Она сделала резковатый поворот, видимо, занервничав от моей угрозы. Потом свернула с шоссе на дорогу, обсаженную худосочными пальмами. Их пересадили сюда уже взрослыми, и они, похоже, не слишком обрадовались предложенной им новой почве.
Тем не менее при лунном свете, среди стрекотанья цикад и на фоне моря они производили определенный эффект.
В глубине долины возвышалась великолепная вилла в провансальском стиле — янтарно-желтая, с полукруглой черепицей на крыше и лепкой вокруг окон.
— Скажите, пожалуйста… — проворчал я. — И давно ты сделала это приобретение?
— Нет, недавно.
— Я думал, твоя мечта — Южная Америка, но вижу, тебе достаточно и нашего южного побережья?
— Достаточно, пока…
Она хотела, видно, сказать "пока не закроют дело", но смолчала, сообразив, что это была бы чудовищная промашка. Дело могло закрыться только с моей смертью. И до тех пор Францию ей покидать было нельзя. Временами она явно теряла ориентировку — от излишнего нетерпения.
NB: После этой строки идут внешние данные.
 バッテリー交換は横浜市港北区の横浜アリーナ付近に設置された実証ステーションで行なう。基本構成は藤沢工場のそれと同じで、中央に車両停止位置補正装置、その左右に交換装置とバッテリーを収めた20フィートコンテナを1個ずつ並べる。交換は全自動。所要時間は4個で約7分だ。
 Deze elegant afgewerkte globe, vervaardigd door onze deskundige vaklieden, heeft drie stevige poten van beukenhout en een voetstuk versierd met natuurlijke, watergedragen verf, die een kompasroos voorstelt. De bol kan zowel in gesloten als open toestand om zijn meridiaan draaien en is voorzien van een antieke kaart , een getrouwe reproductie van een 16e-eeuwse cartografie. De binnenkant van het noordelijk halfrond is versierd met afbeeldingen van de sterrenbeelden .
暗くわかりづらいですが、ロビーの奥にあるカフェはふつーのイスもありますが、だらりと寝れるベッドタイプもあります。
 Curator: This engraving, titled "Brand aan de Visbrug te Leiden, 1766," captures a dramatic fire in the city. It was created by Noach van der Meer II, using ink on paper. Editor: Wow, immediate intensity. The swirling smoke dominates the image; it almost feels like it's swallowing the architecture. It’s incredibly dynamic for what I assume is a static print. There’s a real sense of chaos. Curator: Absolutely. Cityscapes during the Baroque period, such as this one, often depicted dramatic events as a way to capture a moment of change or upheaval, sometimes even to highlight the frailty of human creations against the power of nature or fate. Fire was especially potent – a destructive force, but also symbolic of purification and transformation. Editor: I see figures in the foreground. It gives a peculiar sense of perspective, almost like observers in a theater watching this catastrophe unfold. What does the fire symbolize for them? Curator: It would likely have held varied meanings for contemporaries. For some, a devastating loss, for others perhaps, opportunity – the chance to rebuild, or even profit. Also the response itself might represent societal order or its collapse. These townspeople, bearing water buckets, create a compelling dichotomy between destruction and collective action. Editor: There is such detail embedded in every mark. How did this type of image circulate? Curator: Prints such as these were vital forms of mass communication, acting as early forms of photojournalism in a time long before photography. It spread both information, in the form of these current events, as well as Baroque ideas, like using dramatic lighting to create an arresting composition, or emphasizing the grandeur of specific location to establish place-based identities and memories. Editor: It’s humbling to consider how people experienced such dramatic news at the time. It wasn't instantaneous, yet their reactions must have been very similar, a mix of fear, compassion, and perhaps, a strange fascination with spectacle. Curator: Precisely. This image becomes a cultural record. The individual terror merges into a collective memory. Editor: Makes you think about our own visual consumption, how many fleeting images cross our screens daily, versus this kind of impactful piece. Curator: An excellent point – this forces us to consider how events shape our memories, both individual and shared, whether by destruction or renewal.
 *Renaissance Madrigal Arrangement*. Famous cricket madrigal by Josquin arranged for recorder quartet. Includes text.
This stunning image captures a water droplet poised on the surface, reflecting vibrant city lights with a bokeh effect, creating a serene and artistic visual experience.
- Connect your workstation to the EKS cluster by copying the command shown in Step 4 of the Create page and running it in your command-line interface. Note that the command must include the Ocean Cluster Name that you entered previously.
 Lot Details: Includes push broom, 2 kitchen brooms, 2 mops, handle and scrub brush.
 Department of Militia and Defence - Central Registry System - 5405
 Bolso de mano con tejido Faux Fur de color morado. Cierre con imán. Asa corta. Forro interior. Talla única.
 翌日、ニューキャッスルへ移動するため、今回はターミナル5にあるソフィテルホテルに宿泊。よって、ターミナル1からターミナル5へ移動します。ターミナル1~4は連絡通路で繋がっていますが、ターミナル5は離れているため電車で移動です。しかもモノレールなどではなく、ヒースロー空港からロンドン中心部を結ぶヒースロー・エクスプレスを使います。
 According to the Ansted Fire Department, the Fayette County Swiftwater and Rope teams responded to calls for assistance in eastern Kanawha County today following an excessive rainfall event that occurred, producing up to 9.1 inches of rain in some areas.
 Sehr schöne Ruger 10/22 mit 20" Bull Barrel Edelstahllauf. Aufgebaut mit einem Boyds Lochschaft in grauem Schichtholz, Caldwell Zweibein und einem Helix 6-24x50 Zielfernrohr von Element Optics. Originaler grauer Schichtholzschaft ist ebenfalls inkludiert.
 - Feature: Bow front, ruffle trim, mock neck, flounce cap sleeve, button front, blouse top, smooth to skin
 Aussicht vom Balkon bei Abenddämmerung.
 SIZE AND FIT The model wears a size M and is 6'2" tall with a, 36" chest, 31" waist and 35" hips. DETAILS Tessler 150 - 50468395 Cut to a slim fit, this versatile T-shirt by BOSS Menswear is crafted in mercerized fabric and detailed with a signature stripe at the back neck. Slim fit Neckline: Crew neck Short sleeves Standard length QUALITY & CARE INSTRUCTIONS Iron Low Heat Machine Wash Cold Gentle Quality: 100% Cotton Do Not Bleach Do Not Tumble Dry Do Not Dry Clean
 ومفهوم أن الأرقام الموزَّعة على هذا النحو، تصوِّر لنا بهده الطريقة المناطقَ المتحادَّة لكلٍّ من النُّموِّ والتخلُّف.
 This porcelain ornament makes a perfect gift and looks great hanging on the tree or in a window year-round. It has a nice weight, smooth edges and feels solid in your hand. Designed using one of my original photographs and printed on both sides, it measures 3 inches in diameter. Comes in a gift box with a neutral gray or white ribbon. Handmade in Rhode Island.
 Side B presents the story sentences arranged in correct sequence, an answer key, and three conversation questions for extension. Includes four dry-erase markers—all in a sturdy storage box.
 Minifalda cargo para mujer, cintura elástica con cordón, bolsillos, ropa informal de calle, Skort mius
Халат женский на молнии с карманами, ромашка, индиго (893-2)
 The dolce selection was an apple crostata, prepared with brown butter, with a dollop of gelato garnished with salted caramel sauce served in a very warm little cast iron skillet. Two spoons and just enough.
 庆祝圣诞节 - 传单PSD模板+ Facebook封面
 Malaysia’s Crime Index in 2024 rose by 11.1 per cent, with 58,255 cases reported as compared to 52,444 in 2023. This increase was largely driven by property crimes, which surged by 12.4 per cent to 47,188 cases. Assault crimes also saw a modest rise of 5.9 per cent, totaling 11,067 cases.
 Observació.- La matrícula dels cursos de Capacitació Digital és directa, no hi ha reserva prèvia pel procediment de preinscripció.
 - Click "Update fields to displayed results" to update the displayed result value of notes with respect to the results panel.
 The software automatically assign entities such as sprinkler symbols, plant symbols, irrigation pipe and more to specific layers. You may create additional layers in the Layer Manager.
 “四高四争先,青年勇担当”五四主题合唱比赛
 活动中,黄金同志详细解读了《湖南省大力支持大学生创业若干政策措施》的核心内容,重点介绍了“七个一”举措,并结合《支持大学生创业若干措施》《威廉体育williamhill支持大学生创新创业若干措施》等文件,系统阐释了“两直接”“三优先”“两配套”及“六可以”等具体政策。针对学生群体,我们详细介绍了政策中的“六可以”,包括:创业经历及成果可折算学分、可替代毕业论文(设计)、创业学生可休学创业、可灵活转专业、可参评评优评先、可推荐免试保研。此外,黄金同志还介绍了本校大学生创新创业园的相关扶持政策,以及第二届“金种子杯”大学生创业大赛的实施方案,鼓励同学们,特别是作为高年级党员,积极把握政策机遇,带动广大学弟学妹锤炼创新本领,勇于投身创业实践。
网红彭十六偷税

— Ты уверена, что Робби один?
— Уверена.
— Ты уверена, что у него не болтается в кармане пистолетище? В его-то карманах скорее найдешь пушку, чем авторучку… Ну, ладно, поглядим. Но если у него все же есть карманная артиллерия, скажи лучше, чтоб подальше запрятал: в случае чего в первую очередь достанется тебе.
Она не ответила. Машина безукоризненно ровно остановилась перед крыльцом,
— Молодчина, девка. Теперь веди себя спокойно, что бы ни случилось.
Мы вышли из машины и стали подниматься по ступенькам. Робби показался в тот момент, когда мы открывали входную дверь. Он стоял, выпрямившись во весь рост, в большой гостиной с белыми и серыми плитами на полу. При виде меня у него сделалось немного туповатое лицо, будто он получил по черепу дубинкой. Я опасался, что он завопит и к нему подоспеет подмога. Но ничего подобного не произошло, и Робби, совершенно растерянный, молча стоял предо мной.
— Привет, парень, — сказал я, подходя. — Рад, небось, видеть приятеля?
Этот здоровенный кретин улыбнулся потухшей улыбкой.
— О, Капут! — неуверенно отозвался он.
— Что, друг, прищурился?
— Ну, мы-то знали, конечно, что ты смотался, но…
— Ты приехал брать у него интервью? — язвительно спросила Эмма.
— А что, уже и поговорить нельзя? Подожди, крошка, скоро я буду в твоем распоряжении. Только прежде мне надо подвести кое-какие итоги с этим куском червивого мяса…
— Остынь, — огрызнулся Робби. — Будут всякие тут меня доставать. Особенно шавки вроде тебя. Ложил я на таких убийц!
Я вытащил нож и стал подходить, недобро глядя на него. В моей голове раздался негромкий едкий звонок, что звучал всякий раз, когда мне не терпелось кого-то закопать. Я увидел Робби сквозь багровую вуаль. Лицо у него было в красных тонах, и все вокруг подернулось той же кровавой дымкой.
— Эй, ты чего? — сказал он. — Чего ты, Капут? Что я тебе сделал? Что на тебя нашло?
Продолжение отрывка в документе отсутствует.